Adam Elfarouq, a 29-year-old in Morocco, said he had put $3,000 into Envion and encouraged friends and relatives to invest their money. "I know most of the ICOs out there are either fraud or won't deliver on their promises," he said. Envion, he believed, was different.
The Envion experience is the latest reminder of how the sudden rise of virtual currencies has allowed entrepreneurs to have direct access to investors without regulatory oversight - often with financially disastrous consequences for investors.
Initial coin offerings came out of almost nowhere last year to become one of the most popular ways for start-ups to raise money. Investors threw more than $5 billion at coin offerings last year.
Most projects have raised money by selling custom cryptocurrencies - akin to Bitcoin - that are designed to be used as a method of payment on software the start-ups are building. The hope is that the coins will become more valuable as the software becomes more useful.
But even for the people who work in the virtual-currency world, the complex structure and speed of initial coin offerings make it difficult to separate the good from the bad.
Seif Shieshakly, an adviser to Envion who is based in the United Arab Emirates, said that the I.C.O. structure had "cut out so many middlemen" and created new investment opportunities, but that "the lack of regulations, again because of the infancy of I.C.O.s, carries risks that regulated environments would generally have far less of."
Regulators around the world have scrambled to stay on top of ICOs. China banned coin offerings last year, and the Securities and Exchange Commission in the United States has done a broad sweep of the industry,sending out dozens of subpoenas. But so far, the authorities have cracked down on only a few projects, and coin offerings have continued at a blazing pace, raising more money so far in 2018 than they did in all of 2017.
Envion tried to separate itself from the flood of scam offerings that have popped up over the last year.
A spokesman for Envion, Chris Pfaff, sent out emails last year saying it was closing deals with IBM and the ruler of Dubai. But Mr. Pfaff said last week that those deals never panned out. Envion said it would use the money collected from investors to build mobile rigs, filled with computers designed to "mine" or digitally create new Bitcoin. The rigs could be moved between sources of renewable electricity, which would power the mining computers. Envion said people who bought its new tokens would have a right to a share of the new Bitcoins mined.

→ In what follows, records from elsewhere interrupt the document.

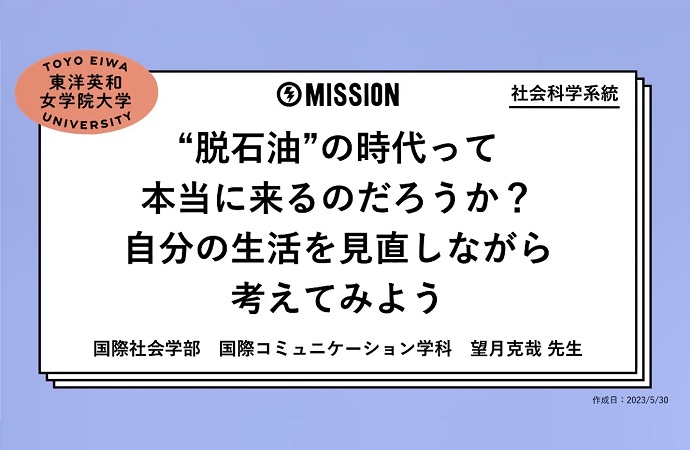 「"脱石油"の時代って本当に来るのだろうか?自分の生活を見直しながら考えてみよう」
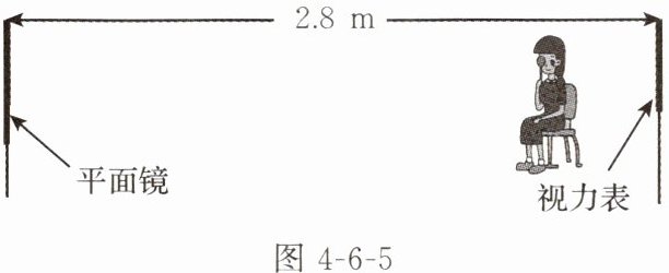 5. (宁夏中考)检查视力时要求被检查者与视力表相距5m。某同学在学校医务室检查视力,由于空间有限,采用图4-6-5中的方式进行检查,她应距平面镜m。她在平面镜里看到的是视力表的(选填“实”或“虚”)像。
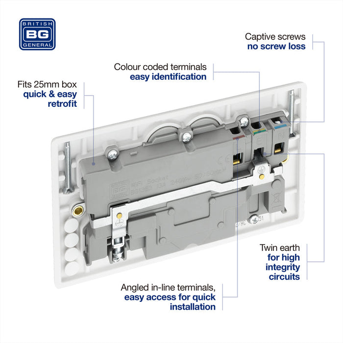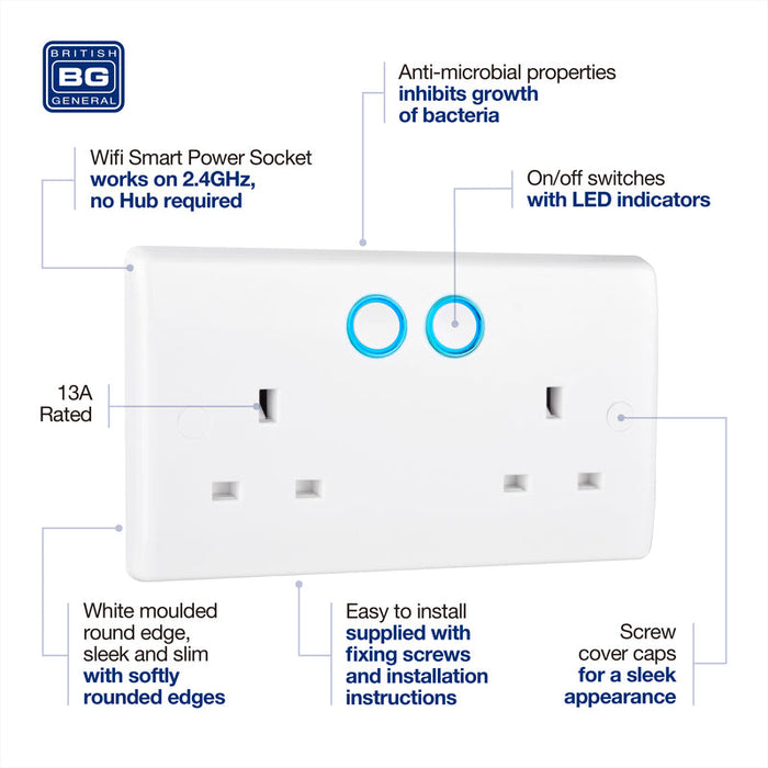 BG White Moulded Slim Double Switched 13A Power Socket with Smart Home Control
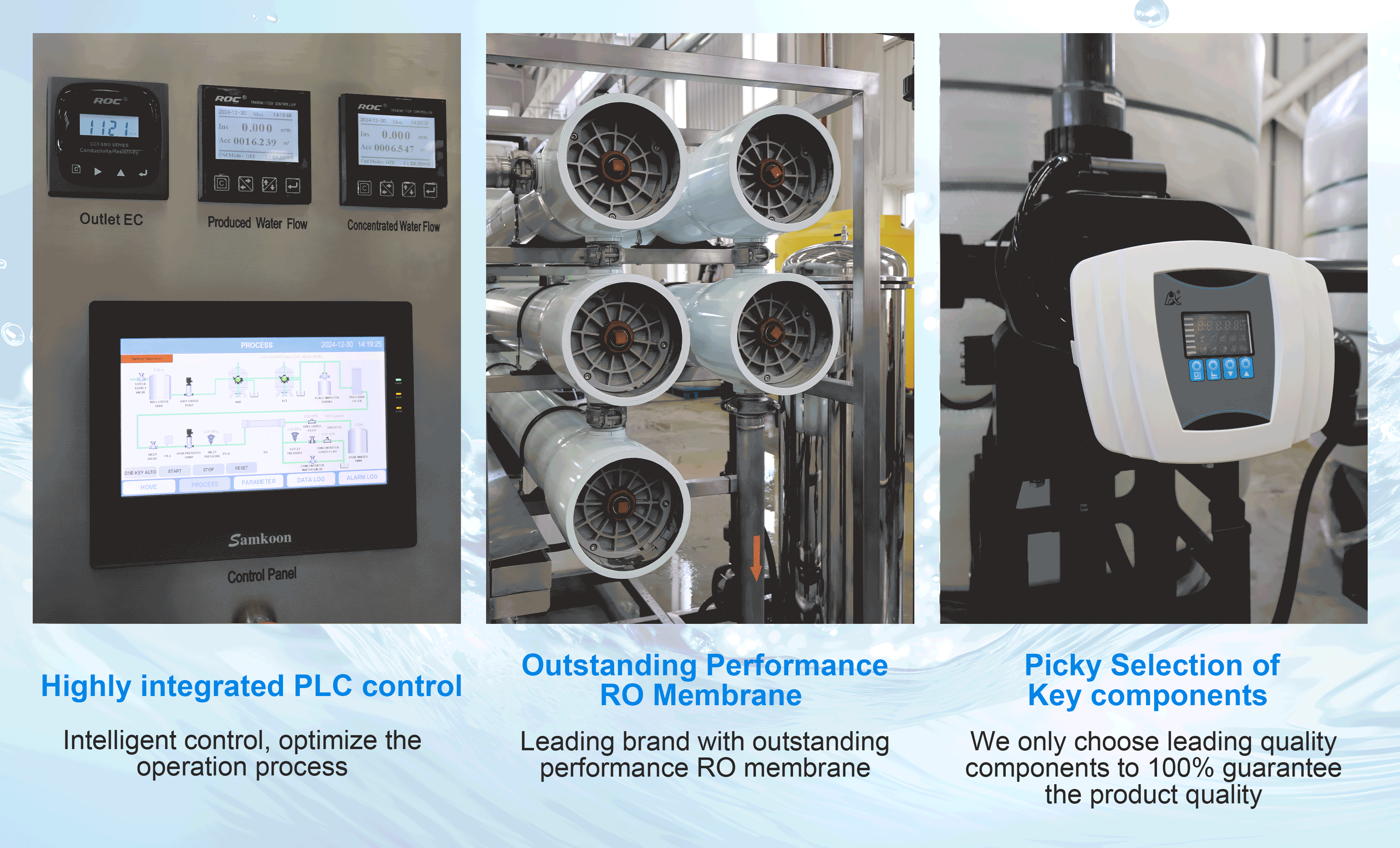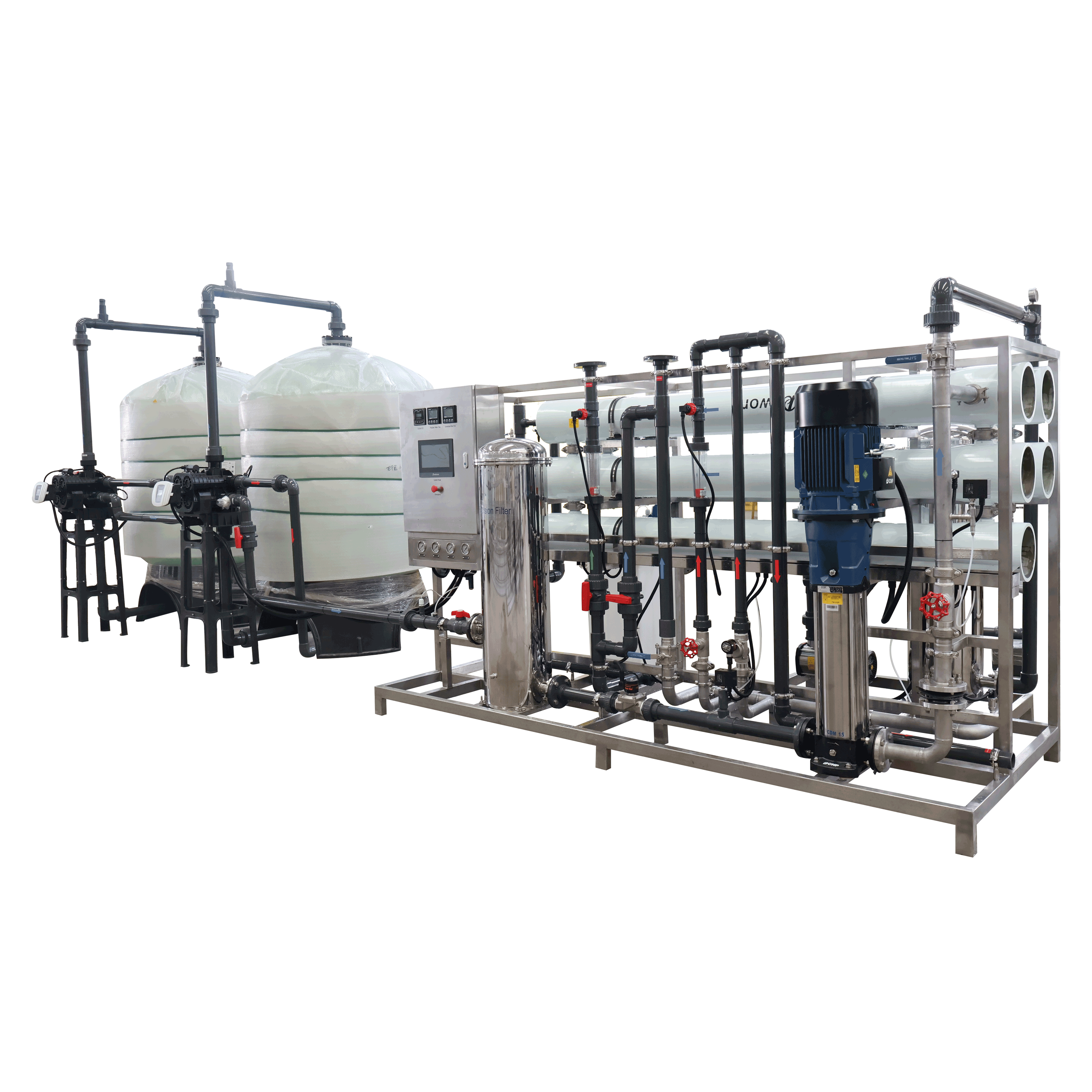 Customizable filtration: Revese osmosis system can be designed based on your actual raw water and your final applications, the proposal can be customized to eliminate each single stage to meet your water use target.
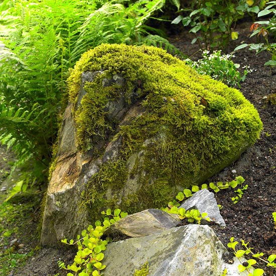 Należy zwrócić uwagę na teksturę liści, a także rozmaite barwy. Oto, na przykład, fioletowa Żurawka sprawia piękny kontrast wobec Dąbrówki rozłogowej 'Burgundy Glow' i szaro-niebieskich kamieni.
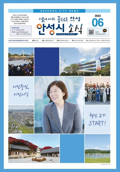 안성시 소식 6월호는 지방선거 이후 발행하는 시정 특집으로 시장 취임을 맞아 앞으로 민선 8기 안성시의 청사진을 그려나가는 내용이 담겼다.
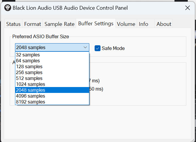 ASIO 드라이버 설정: 일부 ASIO 드라이버를 사용하면 오디오 인터페이스 제어판이나 DAW와 관계없이 소프트웨어 내에서 직접 버퍼 크기를 조정할 수 있습니다.
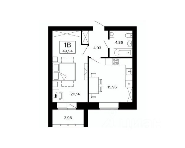 Кухня-гостиная позволяет размещать гостей, обустроить там игровую зону, либо зону отдыха. Спальня имеет достаточную площадь для размещения мест хранения, рабочей и спальной зоны.
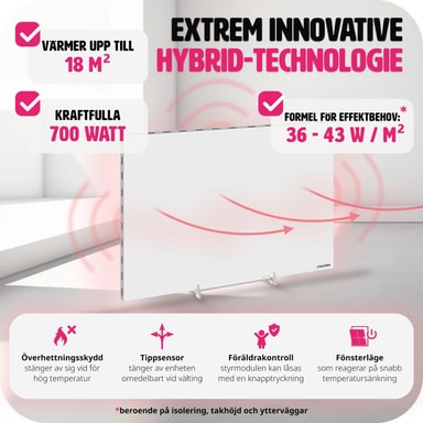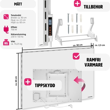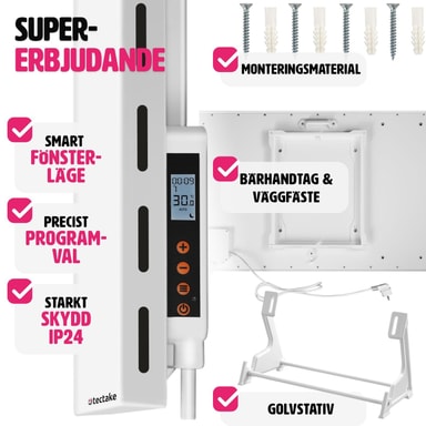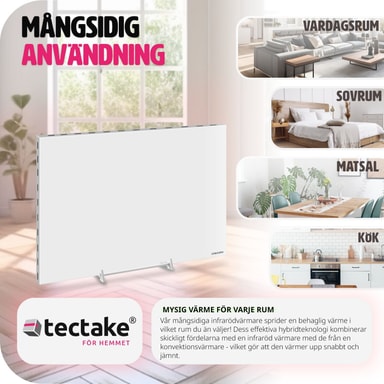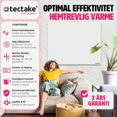 Få ut det bästa av uppvärmningen med denna moderna hybrid infravärmare med tippskydd från tectake. Få ny inspiration till mysiga stunder i ditt hem med denna terassvärmare. Förutom de olika inställningsmöjligheterna för olika tider på dygnet, så registrerar den innovativa radiatorn plötsliga temperaturfall och reagerar därefter. Den extremt platta konstruktionen på vår infravärmare, gör att den antingen kan placeras mobilt på golvet med hjälp av det medföljande stativet eller skruvas fast i väggen eller taket - upplev känslan av mild infravärme med denna kraftfulla hybrid infravärmare från tectake.
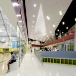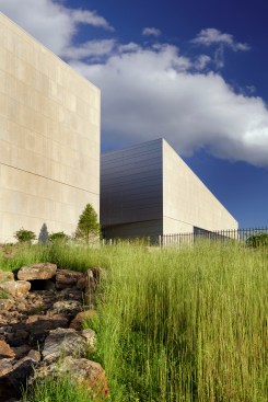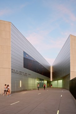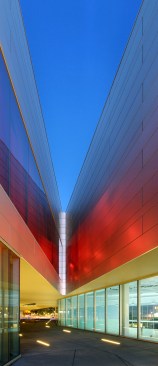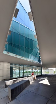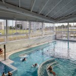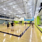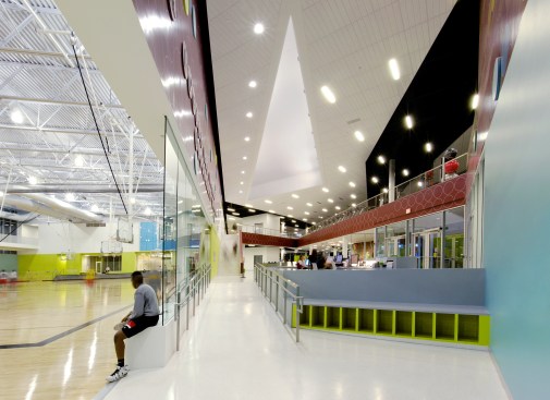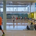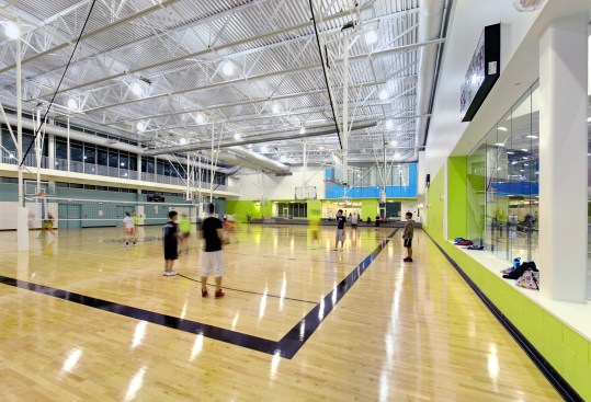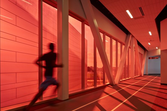 The new recreation center unifies two major campus precincts thanks to a unique design allowing the passerby to experience program activities without even entering the facility. The building is conceived as a crystalline geode with the stone shell – referencing the historic stone buildings that define the campus – cut away to reveal a cool metal and glass interiors, exposing the vibrancy of student life and recreation. This unique ‘cut” creates a dynamic three-dimensional space while still allowing pedestrian circulation to flow freely across campus. This design unites the campus and also creates a new symbol for health and wellness on campus.
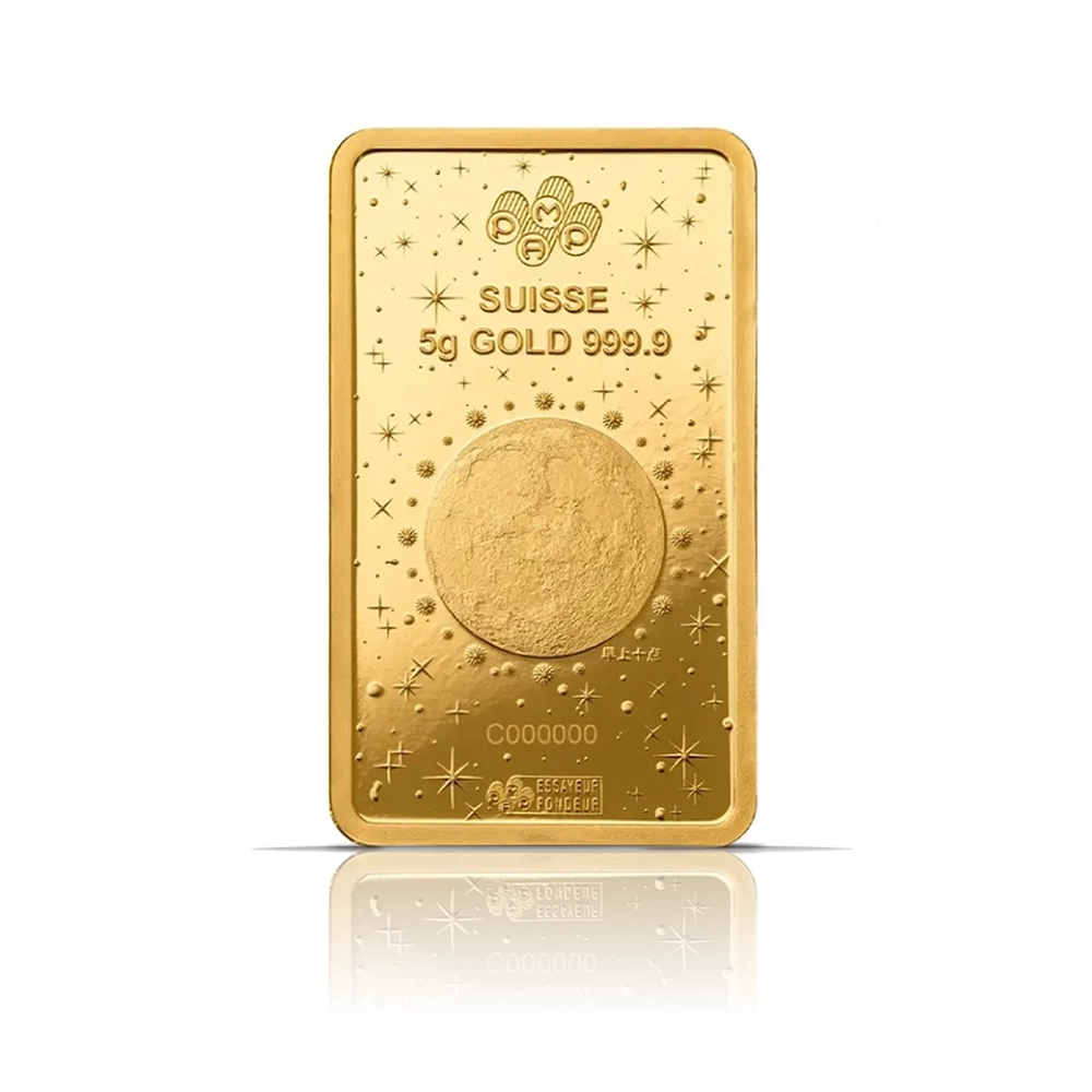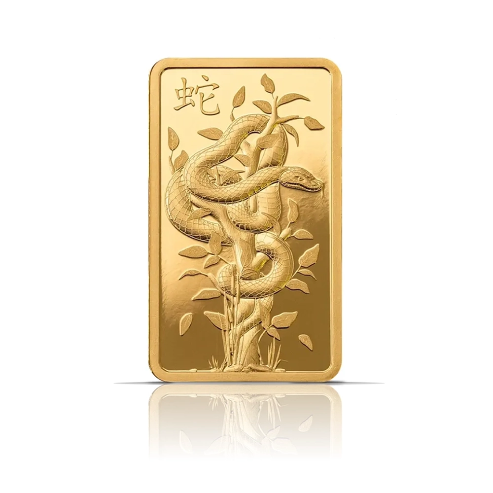 This 2025 PAMP from the Lunar Snake series design is a 5 Gram of .9999 fine gold bar, originating from Switzerland. The obverse features the intricate Lunar Snake motif for the year 2025, while the reverse displays the PAMP logo, purity, weight with unique serial number.
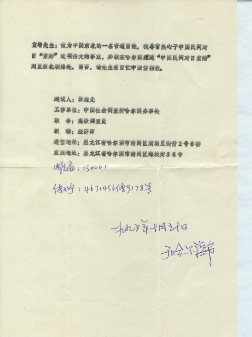 童增先生:[作]为中国东北的一名普通百姓,我非常热心于中国民间对日“索赔”这项伟大的事业,并欲在哈尔滨组建“中国民间对日索赔”同盟东北联络处。当否,请先生在百忙中回信指教。
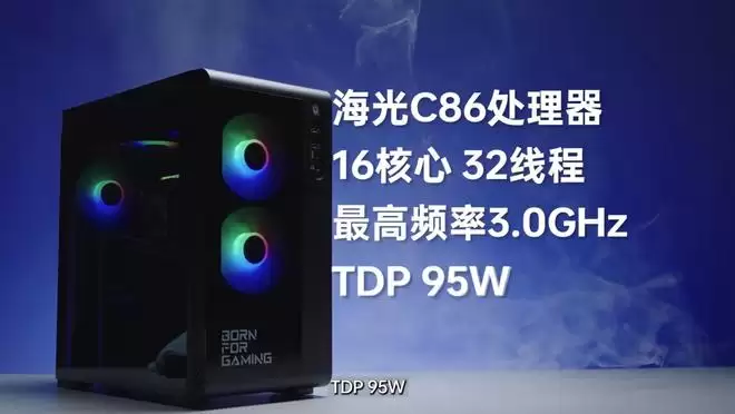 这款整机搭载的海光处理器采用 16 核 32 线程设计,配备高达 32MB 的 L3 高速缓存,最高睿频可达 3.0GHz,热设计功耗(TDP)为 95W。
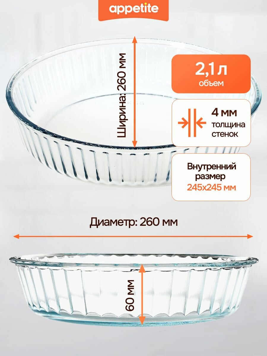 Купить Форма стеклянная круглая 26х6см/2,1л ТМ Appetite с доставкой по всей России. Форма стеклянная круглая 26х6см/2,1л ТМ Appetite: сравнение цен, характеристики, фото, актуальное наличие и цены.
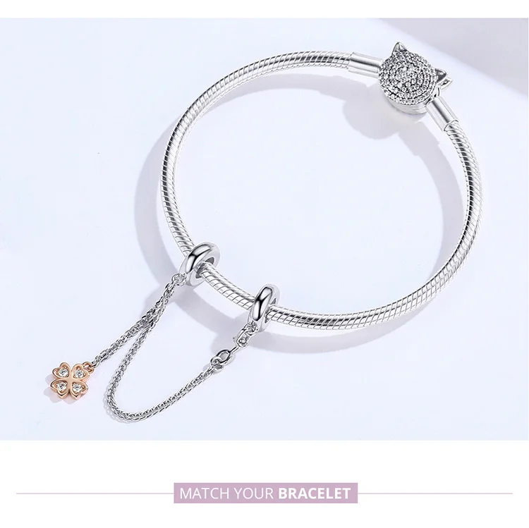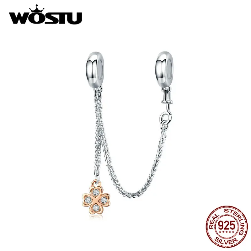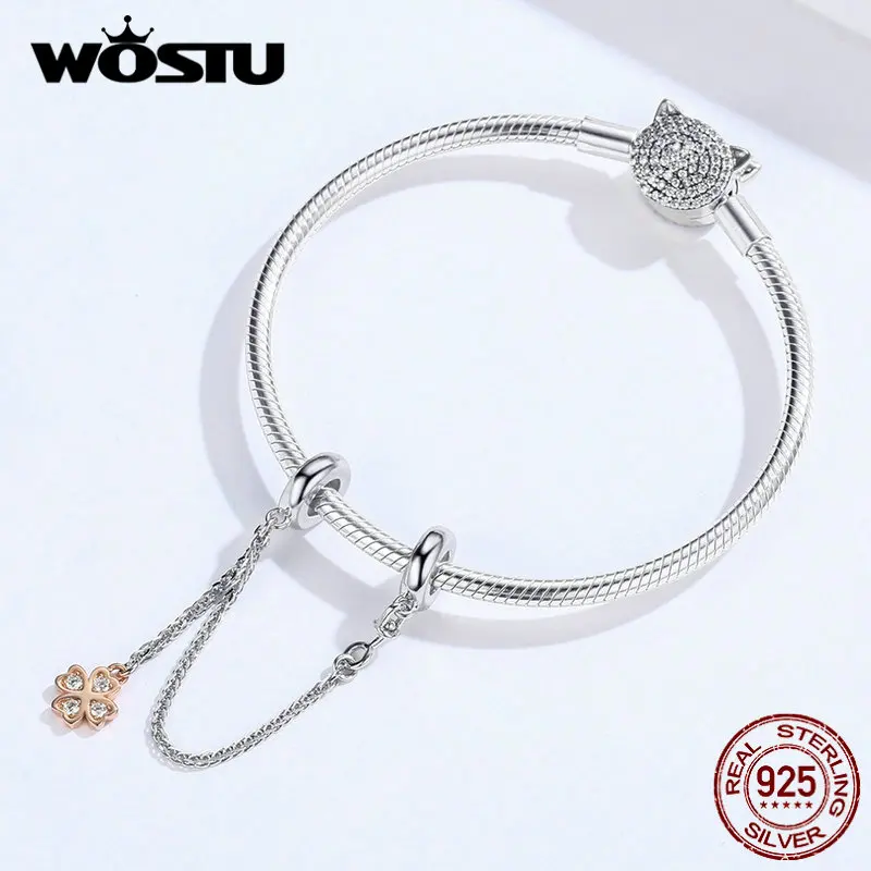 Защитный Браслет WOSTU, из розового золота, клевера, силикона, 100% бусины из стерлингового серебра 925, подходит для изготовления ювелирных изделий своими руками, CQC1261

The founders of the company, about half a dozen programmers and marketers, set it up in Switzerland, and said they were compliant with all the necessary regulations. In one of its many promotional posts on Medium, the Envion team wrote: "As financial regulators across the globe look to regulate ICOs and protect investors, Envion serves as a model for a compliant crowdsale that operates with the same transparency and integrity of traditional financial markets."
A current spokesman for the founders, Laurent Martin, said problems had begun even before the project started fund-raising late last year because of the chief executive the founders brought in, Matthias Woestmann.
According to Martin, the founders gave Woestmann what they thought was temporary control of their shares in the company. Woestmann later refused to give them back, and then diluted the shares of the other owners, providing him with control of the money that was raised.
Martin said the problems that had come up since then were not caused by the ICO structure. Instead, he said, they are a result of Woestmann's tactics and his refusal to give back ownership of the company.
"Envion did something truly unique in the way they protected investors," Mr. Martin said. "It's unfortunate that each of these bulwarks is being tested."
In an interview, Mr. Woestmann said he had taken control of the company because the founders created extra Envion tokens to enrich themselves - a claim the founders deny. He has recently made efforts to sell the company to new owners.
Most of the investors on Envion's channel on the messaging service Telegram have sided with the founders against Mr. Woestmann, who they say should either begin building the product that was promised or refund investors.